Compliance requirements for Red category starch and glucose plants:

  • Consent to Establish and Consent to Operate from State PCB — with ETP design as part of the application.
  • Monthly NABL-accredited effluent monitoring covering all consent parameters.
  • Spent activated carbon (from glucose decolourisation) may be hazardous waste — requires characterisation and authorised disposal or regeneration.
  • OCEMS installation at final discharge point if directed by State PCB (typically for plants above 100 m³/day discharge).
  • Annual environment statement under EP Rules 1993.

Need Help with Starch Plant ETP Design?

Spans Envirotech designs ETPs for corn wet milling plants, tapioca starch factories, and glucose syrup manufacturers — including UASB biogas recovery and steep water management.

Contact us: bd@spans.co.in · +91-98100 00233

Frequently Asked Questions

What are the BOD and COD limits for starch industry effluent?

CPCB prescribes BOD ≤ 30 mg/L and COD ≤ 250 mg/L for starch and glucose plant effluent discharged to inland surface water. Raw effluent from starch manufacturing typically has BOD of 2,000–8,000 mg/L and COD of 4,000–15,000 mg/L — requiring effective anaerobic pre-treatment (UASB or anaerobic lagoon) followed by aerobic polishing to meet these standards.

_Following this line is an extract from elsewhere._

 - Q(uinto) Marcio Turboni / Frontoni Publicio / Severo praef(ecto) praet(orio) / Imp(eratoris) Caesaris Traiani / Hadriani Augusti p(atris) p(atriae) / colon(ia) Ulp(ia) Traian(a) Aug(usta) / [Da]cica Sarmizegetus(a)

Is starch industry effluent suitable for biogas recovery?

Yes. Starch and glucose plant effluent has very high BOD from dissolved starch, sugars, and protein fractions — making it highly suitable for anaerobic digestion and biogas recovery. A UASB reactor or covered anaerobic lagoon can recover 80–90% of the organic load as biogas (methane), reducing aerobic treatment requirements significantly while generating renewable energy for the plant.

What CPCB category are starch and glucose plants?

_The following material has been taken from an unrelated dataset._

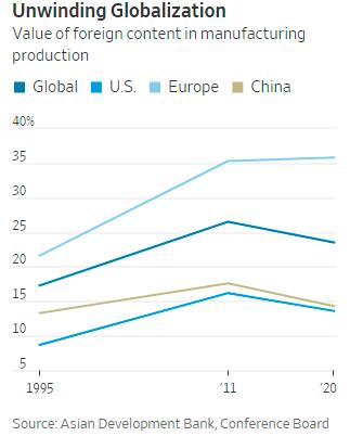 尽管坊间此前普遍认为供应链中断、劳动力短缺和天量的财政及货币刺激,是导致短期通胀上升的主要原因。但如今,越来越多的市场人士也开始注意到了一个之前较少被提及的长期因素:去全球化!

Large starch and glucose manufacturing plants (wet milling of maize, tapioca, or wheat) are Red category under CPCB's industry categorisation due to their high water consumption and high-strength effluent. Modified starch and dextrin processing units may be Orange category depending on scale and effluent volume. All Red category units require Consent to Establish, Consent to Operate, formal ETP, and regular NABL-accredited effluent monitoring.

What is steep water in starch manufacturing and why is it a pollution concern?

Steep water is the liquid produced during corn wet milling — maize kernels are soaked in dilute sulphurous acid (steeping) to soften the kernel and separate starch, germ, gluten, and fibre. Steep water has BOD of 15,000–30,000 mg/L and contains dissolved proteins, sugars, and sulphur compounds. It is the highest-BOD stream in corn starch manufacturing. Steep water can be concentrated by evaporation to produce corn steep liquor (CSL) — a valuable fermentation nutrient — rather than sent to the ETP.

What treatment is required for glucose syrup manufacturing wastewater?

Glucose syrup manufacturing (enzymatic hydrolysis of starch) generates washing water from reactors, activated carbon filter backwash, and ion exchange regenerant. The ion exchange regenerant contains high salt (from softening and demineralisation) and must be treated separately from the main organic stream. The organic effluent responds well to anaerobic digestion followed by aerobic polishing. Activated carbon filter backwash water can be recirculated to the main ETP after settling.

This article summarises CPCB norms for starch and glucose industry effluent for informational purposes. Always verify current standards with your State Pollution Control Board.